I definitely agree with this. Our early prototype of Synnax actually sat on top of a combined Redis/S3/SQL stack and focused on those high level features. We found that it was challenging to deploy, manage, and synchronize data across these services, especially when you're running everything on prem.

We've come to believe that a re-architecture of the underlying infrastructure can actually unlock the high level workflows. For example, to compare a real-time telemetry stream with a historical data set you'd need to query across tools like Kafka and Influx at the same time. For an experienced software engineer this isn't too hard of a task, but they don't tend to be the people who understand the physics/mechanics of the hardware. We want it to be possible for say, a Turbo machinery expert, to translate a Python script they wrote for post-processing a CSV into something Synnax compatible without a huge amount of work.

In short, we're working on finding a way for subject matter experts in hardware to implement the anomaly detection mechanisms they already have in their head, but don't have the software expertise to implement.

> The thing I wanted was one solution for something that was always two: a properties/metadata database, and a separate time series database.

What do you think about TimeScale for this sort of use case? Haven't run it in production myself, but having your time-series data in the same place as a SQL table seems pretty nice.

> We found that visualization layers tended to reach down just far enough into the data intake world that it was really hard to sell just another tsdb.

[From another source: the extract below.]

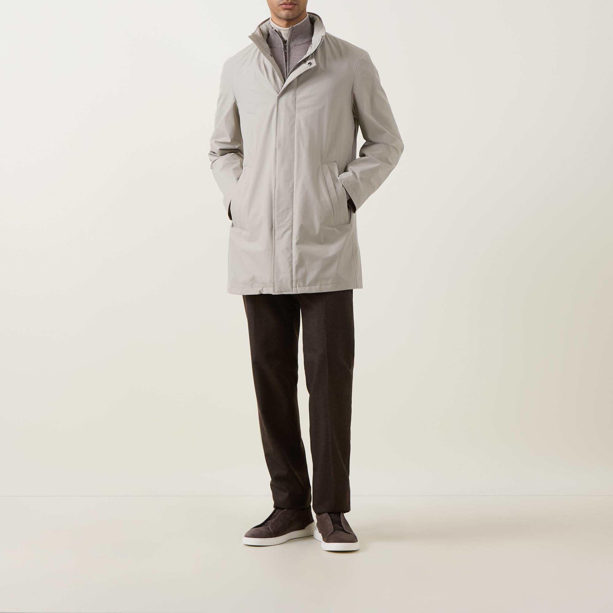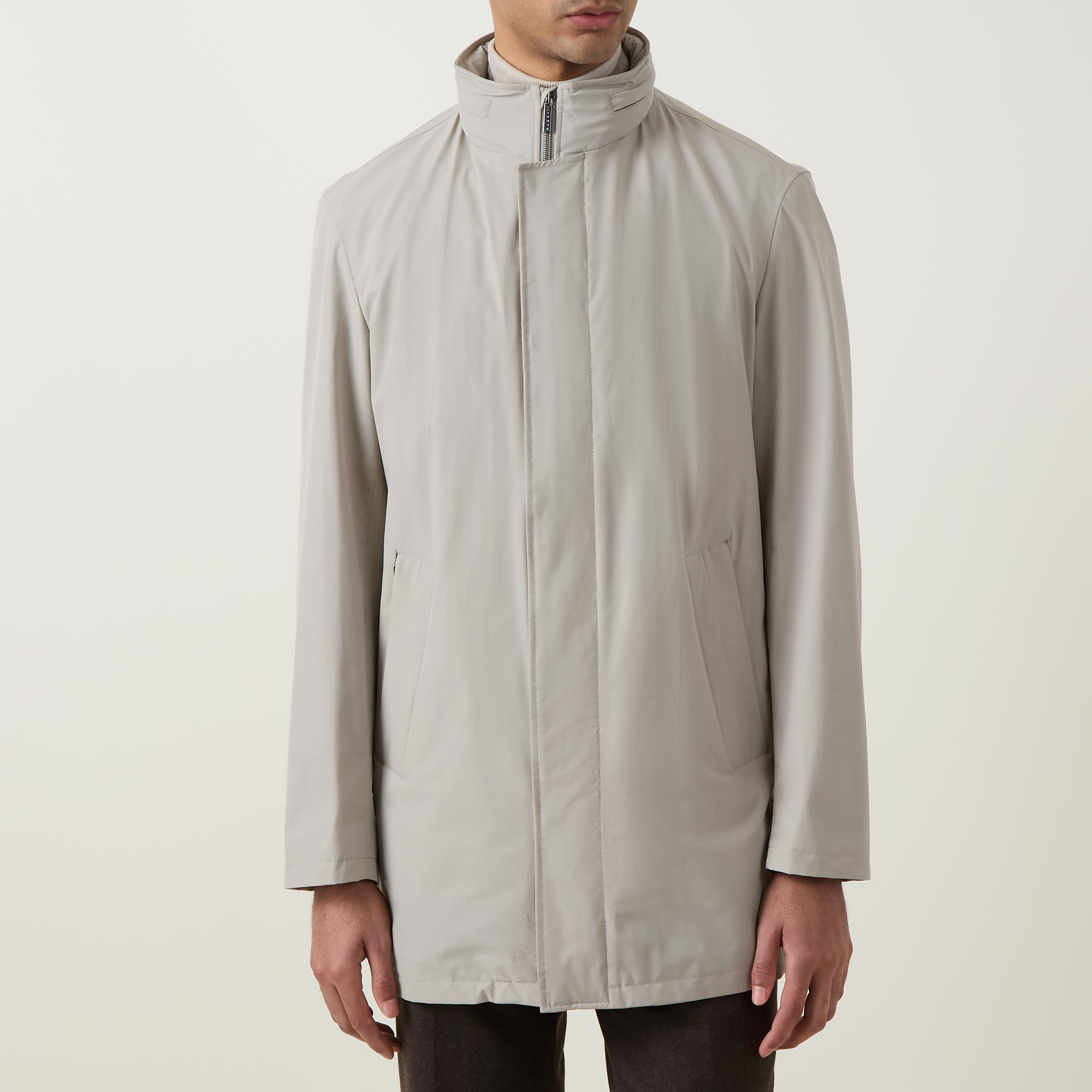 - High neckline, part-concealed zip and snap button fastening, stowable hood, vent to the rear, side entry pockets, logo details
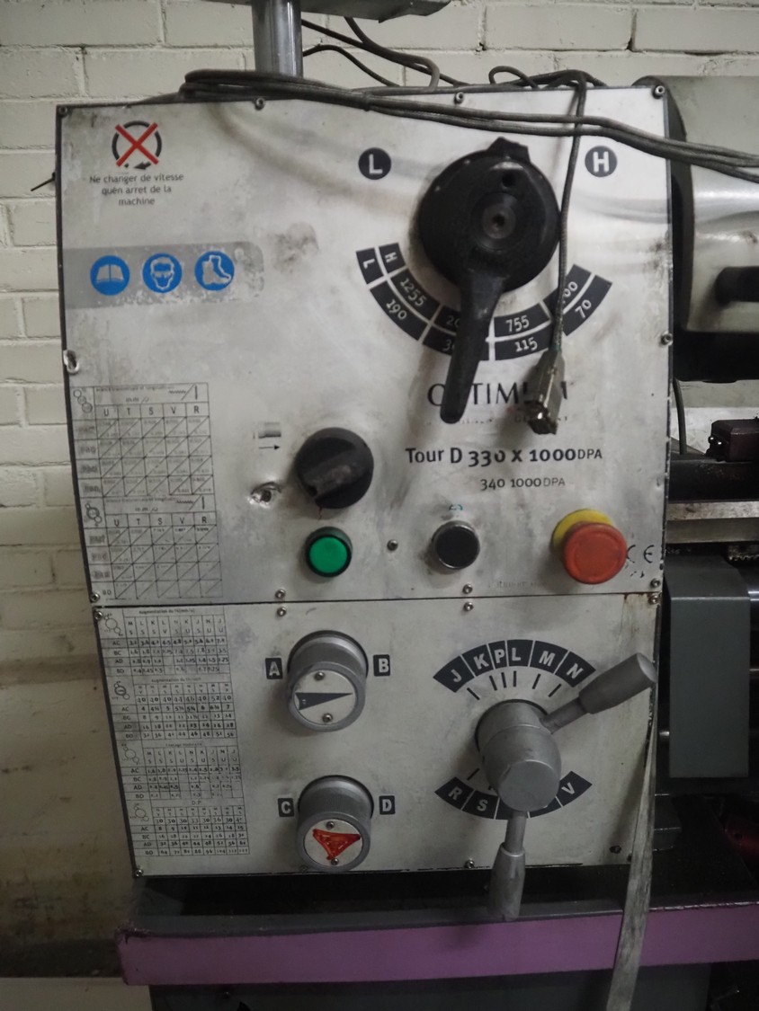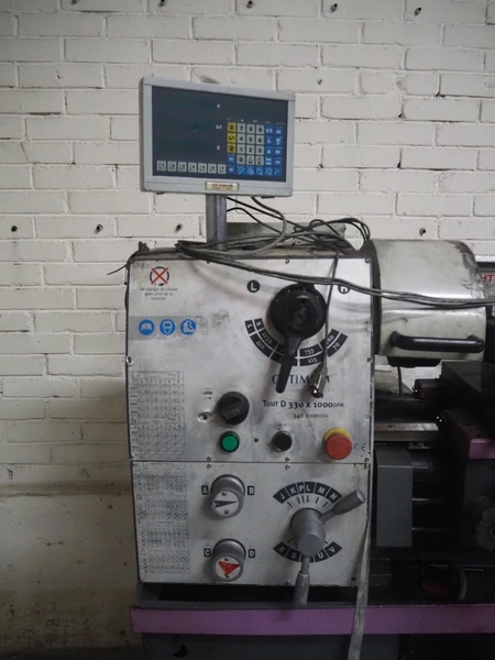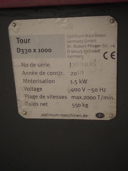 Optimum Maschinen lathe, model: Tour D330 x 1000, serial number: J020945, year of construction: 2010, 400 V, 50 Hz, 1.5 kW, dimensions: 1850 mm x 660 mm x 1600 mm.

This is a good point. We think that focusing exclusively on the DB is probably not the right approach. Most of our focus nowadays is on building out higher level workflows on top of the new database.

svnt · 2024-08-13T16:49:20 1723567760

These answers are a much better presentation of your position in the market than how you described the company in the post above.

I found TimescaleDB after I wrote this — it does look like the answer to my problems from a decade ago. I don’t do that anymore but I’m glad someone brought it to market.

If you can describe with clarity how a scientist/hardware engineer using your tool is going to implement their anomaly detection, or whether your software will somehow shadow and assist/learn from what they try to do, I think that would be a much more compelling pitch.

kpmcc · 2024-08-12T20:42:33 1723495353

Hey! I work at a startup that does industrial automation related work and this looks super helpful. Going to take a deeper look later, but off the bat I wanted to ask why you felt a custom time series database was warranted when there are options like timescale or regular old postgres out there?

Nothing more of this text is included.